- Paul Krugman once again laments the determination of anti-government fundamentalists to avoid learning the lessons that should have become glaringly obvious over 70 years ago:
In declaring Keynesian economics vindicated I am, of course, at odds with conventional wisdom. In Washington, in particular, the failure of the Obama stimulus package to produce an employment boom is generally seen as having proved that government spending can’t create jobs. But those of us who did the math realized, right from the beginning, that the Recovery and Reinvestment Act of 2009 (more than a third of which, by the way, took the relatively ineffective form of tax cuts) was much too small given the depth of the slump. And we also predicted the resulting political backlash.- Which serves as reason why Mike Moffatt's Keltner list for public policy proposals might be worth a look in evaluating the effect of gratuitous austerity.

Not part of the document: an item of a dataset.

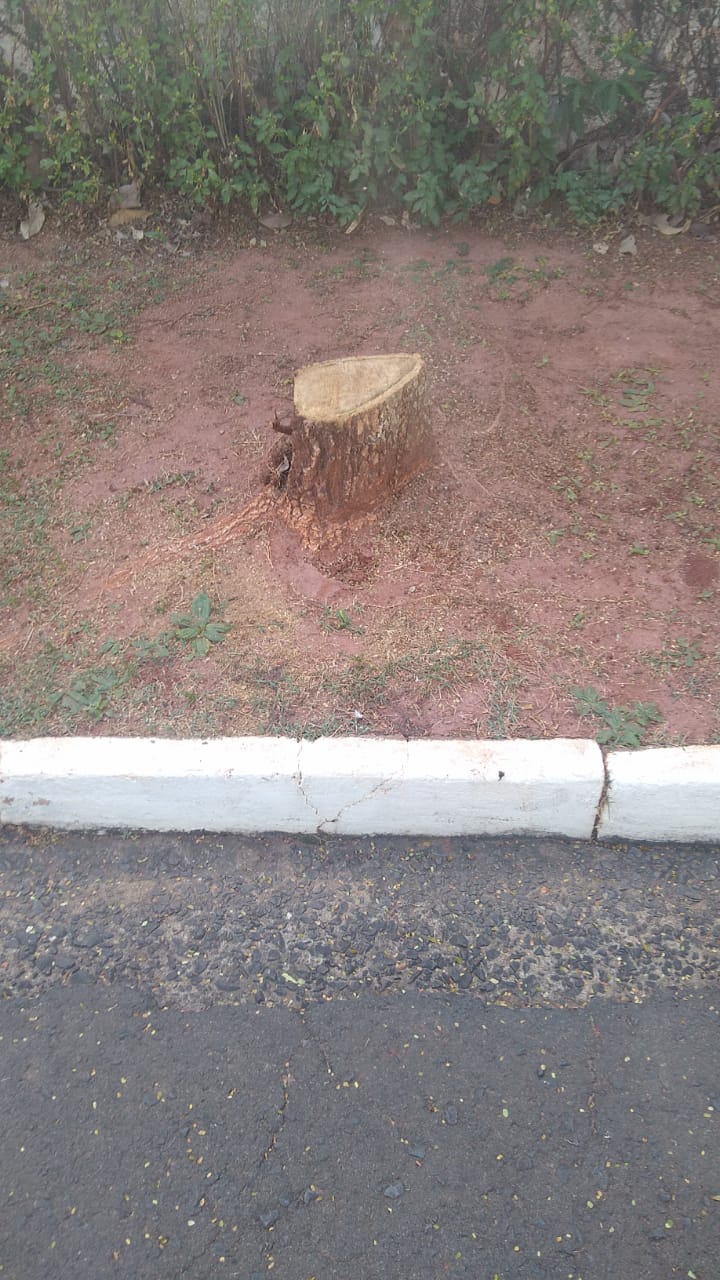 Após denúncia, uma equipe se deslocou até a Alameda dos Pinheiros, onde constatou o corte em logradouro público, de duas árvores da espécie ipê.
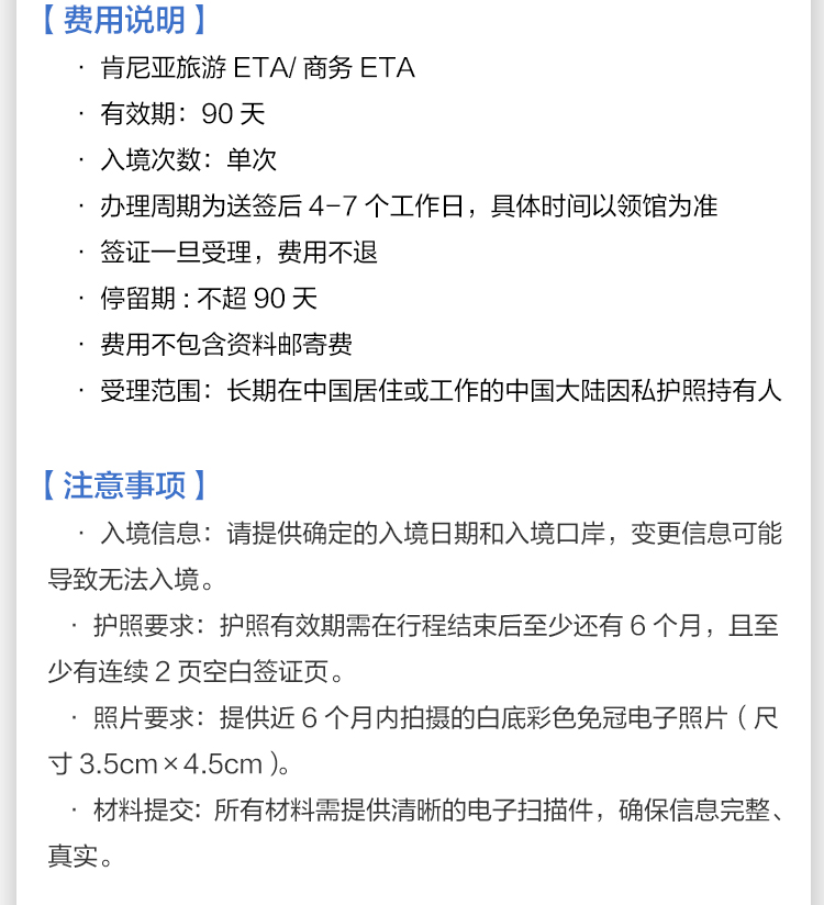 1)本产品需二次确认,预订流程如下:提交订单—>完成支付—>签证工作人员外呼旅客二次确认订单内容及价格—>订单经双方确认后成立。签证一旦受理,费用不可退还。

So the real test of Keynesian economics hasn’t come from the half-hearted efforts of the U.S. federal government to boost the economy, which were largely offset by cuts at the state and local levels. It has, instead, come from European nations like Greece and Ireland that had to impose savage fiscal austerity as a condition for receiving emergency loans — and have suffered Depression-level economic slumps, with real G.D.P. in both countries down by double digits.
...
We entered 2011 amid dire warnings about a Greek-style debt crisis that would happen as soon as the Federal Reserve stopped buying bonds, or the rating agencies ended our triple-A status, or the superdupercommittee failed to reach a deal, or something. But the Fed ended its bond-purchase program in June; Standard & Poor’s downgraded America in August; the supercommittee deadlocked in November; and U.S. borrowing costs just kept falling. In fact, at this point, inflation-protected U.S. bonds pay negative interest: investors are willing to pay America to hold their money.
The bottom line is that 2011 was a year in which our political elite obsessed over short-term deficits that aren’t actually a problem and, in the process, made the real problem — a depressed economy and mass unemployment — worse.
- Romeo Dallaire is optimistic that the popular movements that emerged in 2011 are just starting to have their ultimate effect.
- Josh Dorner notes that "progressive" is by far the best-received political label in the U.S. - offering an opportunity to use the spillover effect of U.S. political attitudes to the advantage of the Canadian left for a change.
- Finally, David Berlin views Jack Layton's legacy as including both the building of a winning attitude within the NDP, and the transformation of that mindset into what may be the effective end of Quebec separatist sentiment.